I have yet to have a problem with tap water (I have a water softener and filtration system in house) The only precaution I take is spraying star-san on the faucett before using it.
 
budbo said:
I have yet to have a problem with tap water (I have a water softener and filtration system in house) The only precaution I take is spraying star-san on the faucett before using it.


Please don't kid me! I always think that 100% of people out there boil their water, only lazy me having the idea of not boiling.

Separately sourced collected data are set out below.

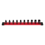 The MILWAUKEE® 10-Piece SHOCKWAVE Impact Duty™ 1/4 in. Drive SAE Standard 6 Point Socket Set features the boldest, longest-lasting markings and extreme impact durability in high torque applications. The stamped and ink-filled size marking makes selecting the right socket every time easy throughout the life of the socket. These Milwaukee sockets are engineered with high strength forged steel for optimized performance in heavy-duty applications. The non-slip hex geometry prevents fastener rounding, and a dual-hole design and ring groove allow for easy socket attachment and removal. The customizable Socket Rail comes with removeable end caps to add or take off socket clips for optimal storage. All SHOCKWAVE Impact Duty™ ™ Sockets backed by a Lifetime Guarantee and meet ASME industry standards.
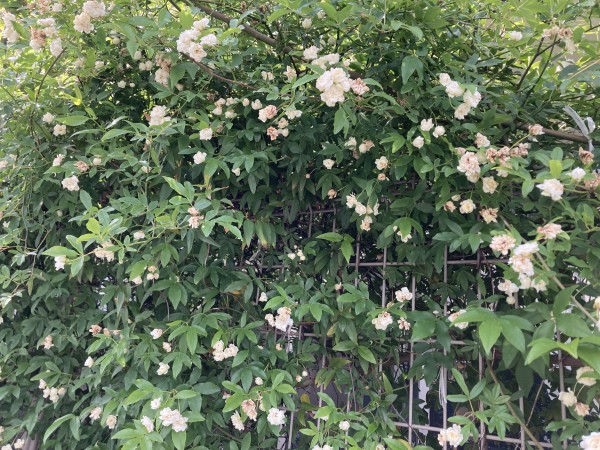 3年くらい前に、バラ園で購入した、1本のモッコウバラの苗木から、こんなに花が咲きました\( ゚Д゚)/
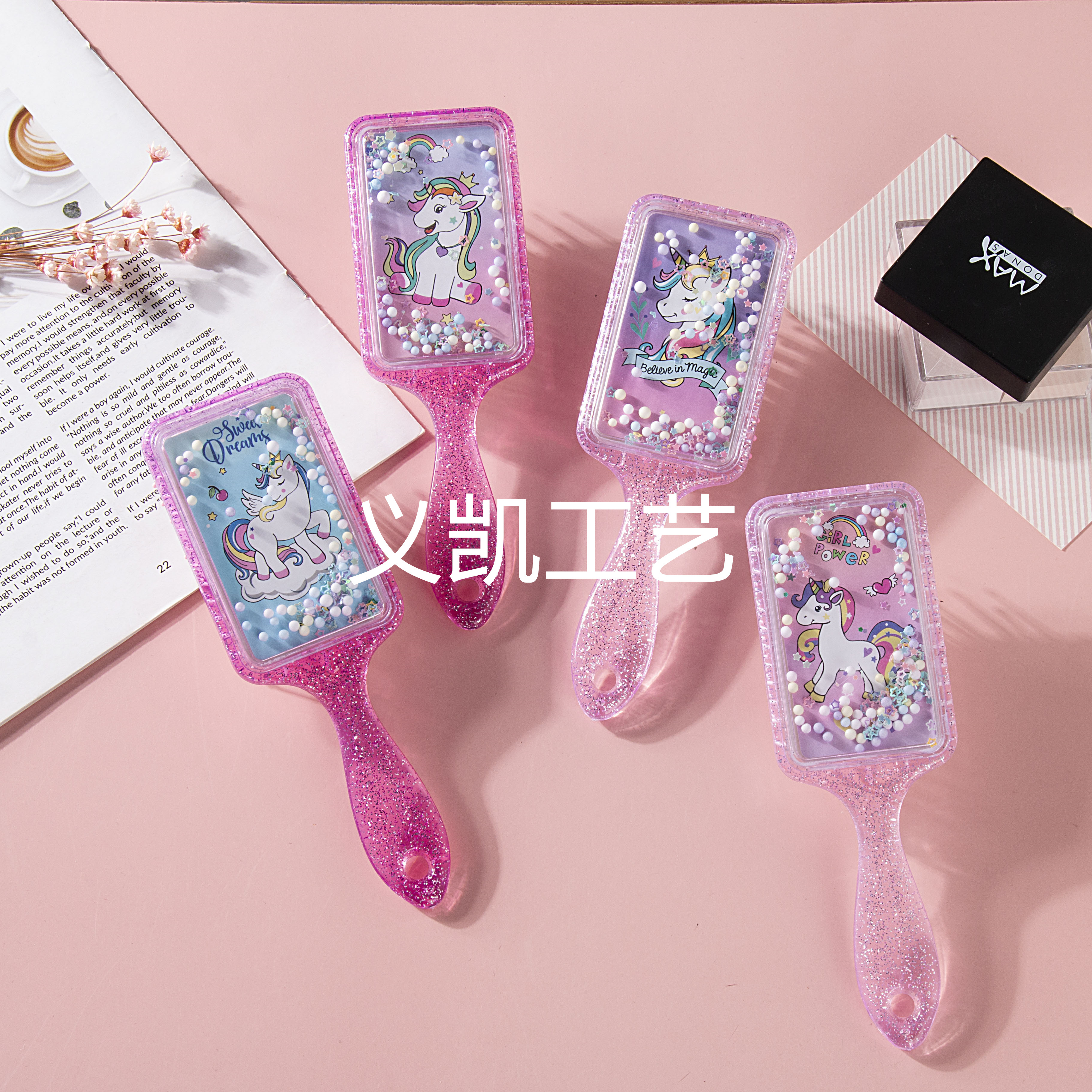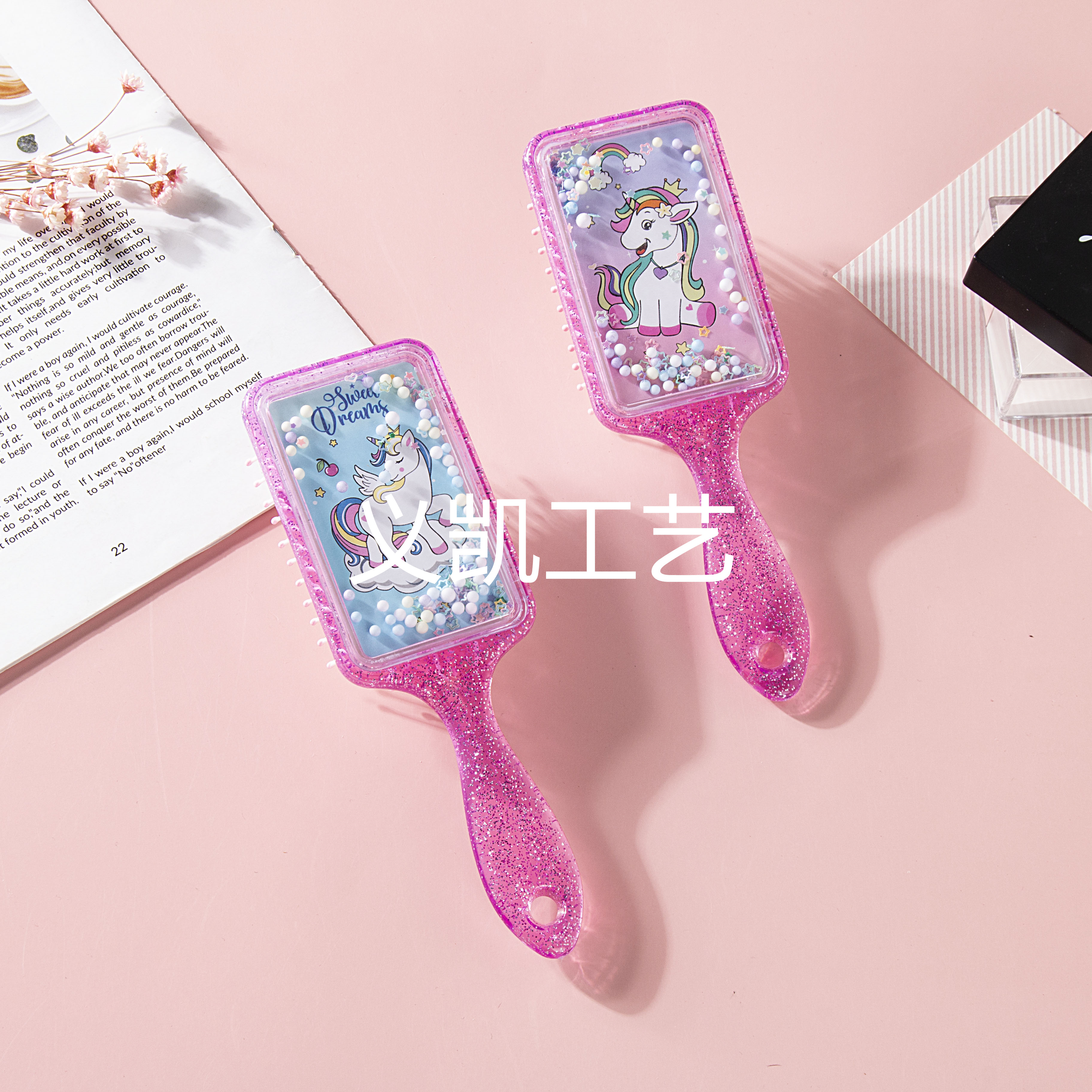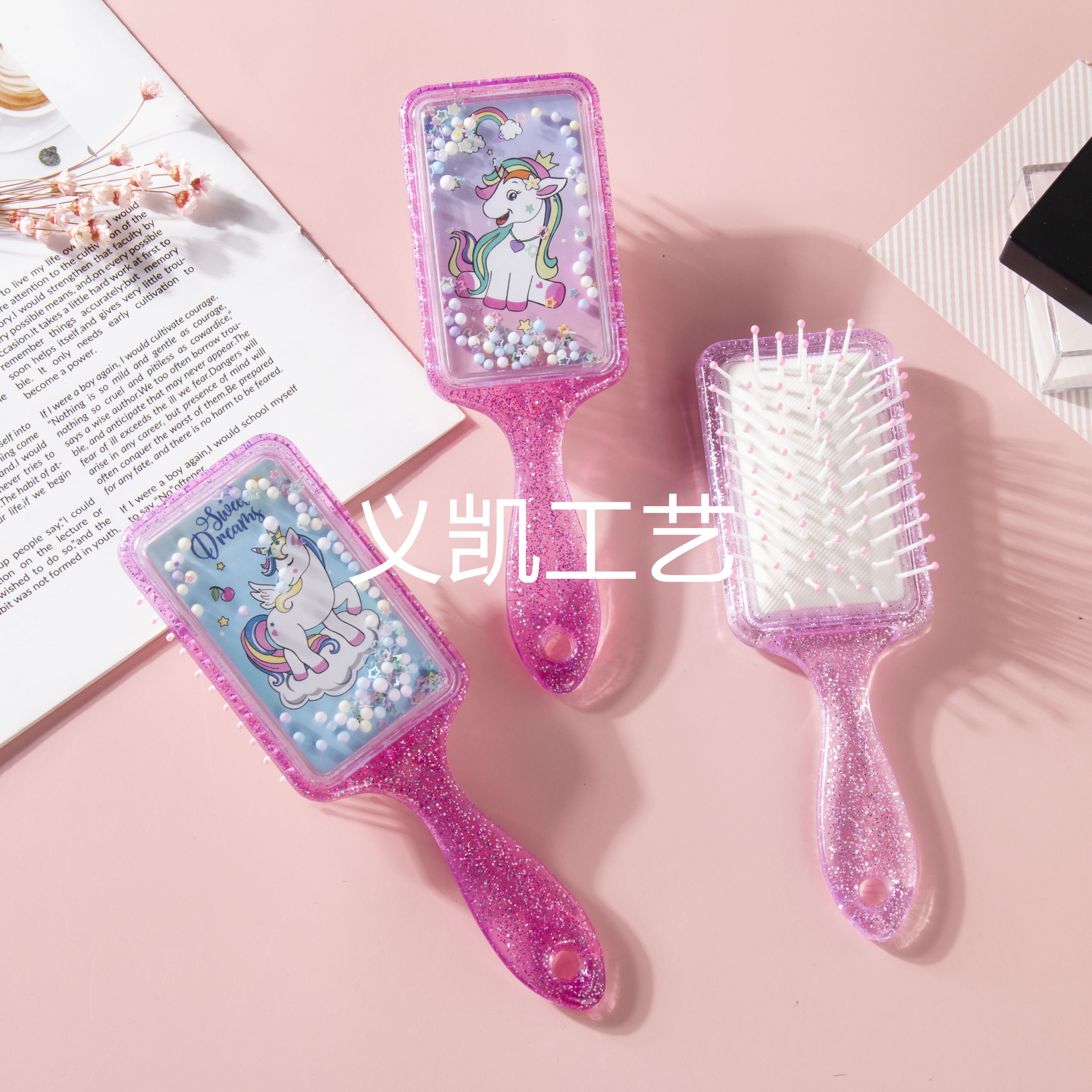 方形流沙亮片女孩梳按摩梳可爱卡通小清新外贸梳爆款化妆梳妆 English | 投诉

Are you serious? We can use tap water? :ban:
 
I use bottled water. Sometimes the tap water tastes like chlorine. I rather not get off flavors from the chemicals and minerals in the tap water.
 
I have added up to 3.5 gallons of tap water before. No problems with it. I have used bottled water the last couple batches but think ill go back to tap because ours is excellent here - no real benefit to using bottled except that I can put the jugs in the freezer so they are just above freezing after my boil. Good for cooling the wort quickly. I usually boil 2-2.5 gallons and add the rest with cooled water.
 
If it's a little bit to top up to the 5 gallon mark I just draw it straight from the tap. Usually I try and make sure I've made extra wort than I need. Water is never completely sterile, sure, but as long as you've been careful with everything else it's never a problem IMO.
 
Our tap water tastes fine, so I use straight tap water for my 2 gallons of top off water. No boiling.
 
I have never boiled. In one apartment at college the water tasted terrible and used bottled water. Boiling and allowing it to cool seems like too much of a pain in the A$$. When brewing is a pain in the A$$ its time to evaluate your procedures.
 
Beer Snob said:
I have never boiled. In one apartment at college the water tasted terrible and used bottled water. Boiling and allowing it to cool seems like too much of a pain in the A$$. When brewing is a pain in the A$$ its time to evaluate your procedures.

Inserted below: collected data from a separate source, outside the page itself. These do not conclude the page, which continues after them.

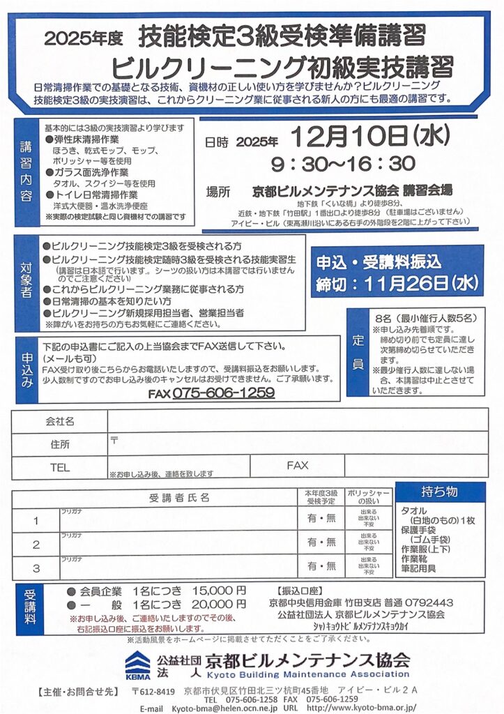 【講習案内】12/10 ビルクリーニング3級受検準備講習が開講されます ビルクリーニング3級受検準備講習が開講されます。 令和7年12月10日(水)9:30~16:30 ⚠受講日をお間違えの無いようお申込みください 2025.12.10 3級 申込用紙
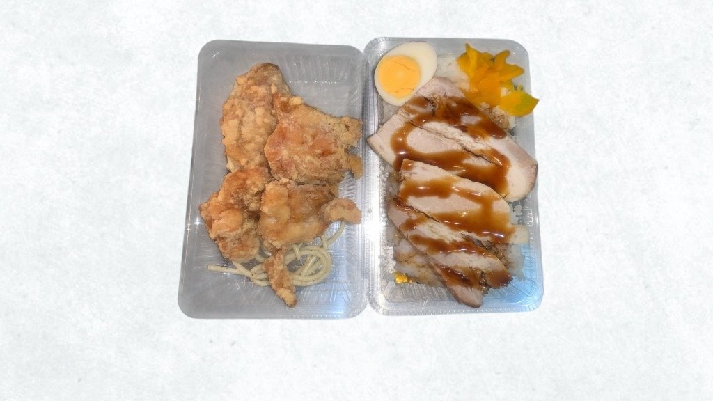 自慢のジューシー唐揚げと人気のチャーシューを同時に味わえる満足度の高いお弁当です。唐揚げによく合う味変メニューもお楽しみください。
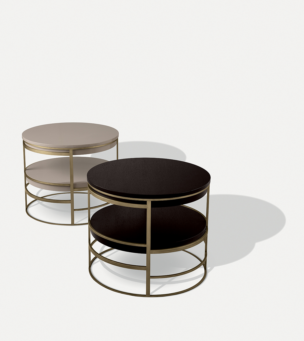 Medea’s signature style, with its asymmetrical structure and bronze finish, combined with contrasting thick wooden shelves, make it the talking point of even the most elegant and exclusive living zones. The shelves are available in a wide variety of colours and finishes, either in natural wood or with sumptuous matt and gloss lacquers. Also available in an oval version, Medea becomes the undisputed focus of attention in any setting. It is available in a wide variety of colours and finishes, either in natural wood or with sumptuous matt and gloss lacquers.
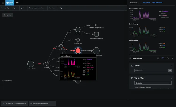 For general troubleshooting, Splunk’s near infinite cardinality helps you quickly correlate issues to find root cause faster, even across complex distributed systems with hundreds of dependencies. Easily view general end user experience (RUM’s overview page), dig deeper into errors and latency in end-to-end traces (APM and RUM), and sort through individual logs in Splunk Log Observer.

My first ever batch got some water from the tap while I was cooling down the wort, I boiled the wort again!
However I still am surprised on the result that vast amount of people don't boil!
 
I won't drink tap water, so I'm not going to use it in my beer either. Spring water at Wally World is only like 68 cents a gallon. Granted, I use tap water to fill ice cube trays, but I may stop doing that too.

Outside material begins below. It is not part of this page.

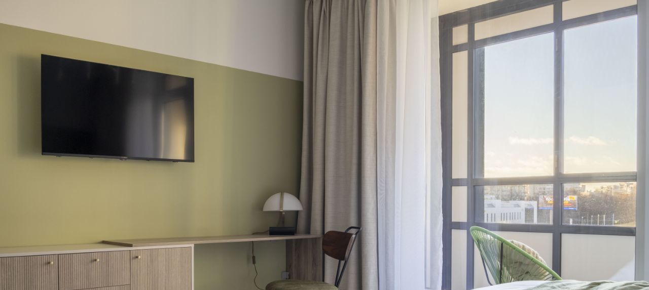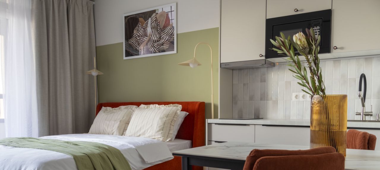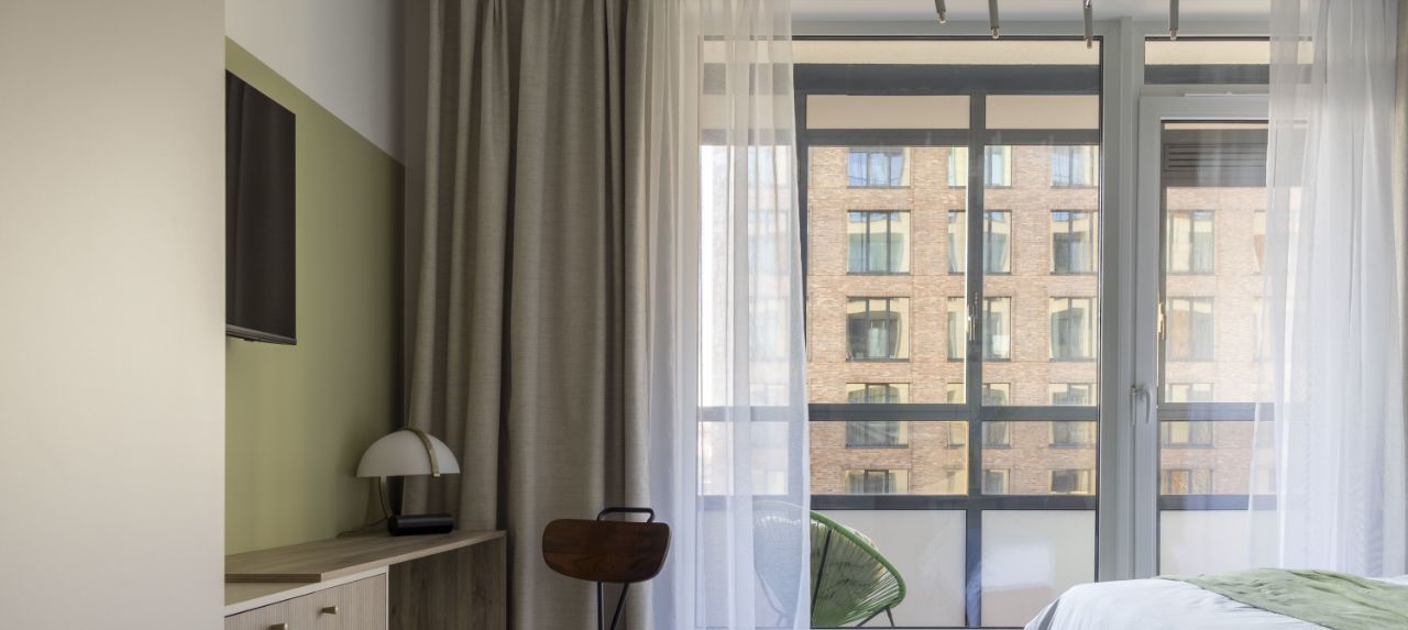Сдается ВПЕРВЫЕ уютная студия с панорамным окном, что дает ощущение воздуха и света, в ЖК высокого комфорт-класса Амбер Клаб
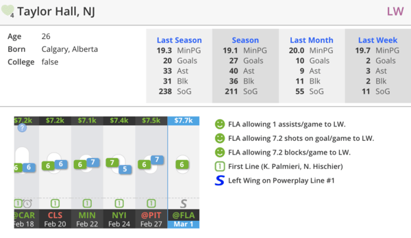 Tyler Pitlick - DAL - $3000 DK/$3200 FD

On a side note, I can water (soak) my vegetable gardens with a hose using tap water, and the plants just sit there. Then after it rains, the plants just shoot up and grow like crazy. Coincidence?
 
I'm a fan of boiling all my water to remove chlorine. My question is: I thought I would have time to brew last week so I measured and boiled 5 gallons of water and let it cool. It's still sitting in 2 pots on my stove with the lids on, been like that for 4 days now. Do you think it's become contaminated? Should I boil it again just to be safe?
-Terrag
 
I use tap water straight from my well 210 feet deep, no water softener or filter. I only boil the water I use to rinse the chlorine and vinegar sanitizer from sanitized equipment.
Doing all grain and full boil so its boiled any way, never top off (normally have to much wort any way... save it for the next starter.)
 
I use bottled water because the water supply in my part of the country is abhorrent for practically any application. :)
 
Are you also boiling your water for sparging? If so, me doing 10 gallon batches would require me to boil and cool 16+ gallons of water. If I buy water, same thing goes, thats an additional 12 dollars just in water. I recently bought a whole house water filter, with a carbon filter, and have been using that to brew. I know that this will not take out the horrible alkalinity I have in my area, but it will at least take out some of the chemical/chlorine taste I have. I certainly hope this will help with the harshness by beers have been having.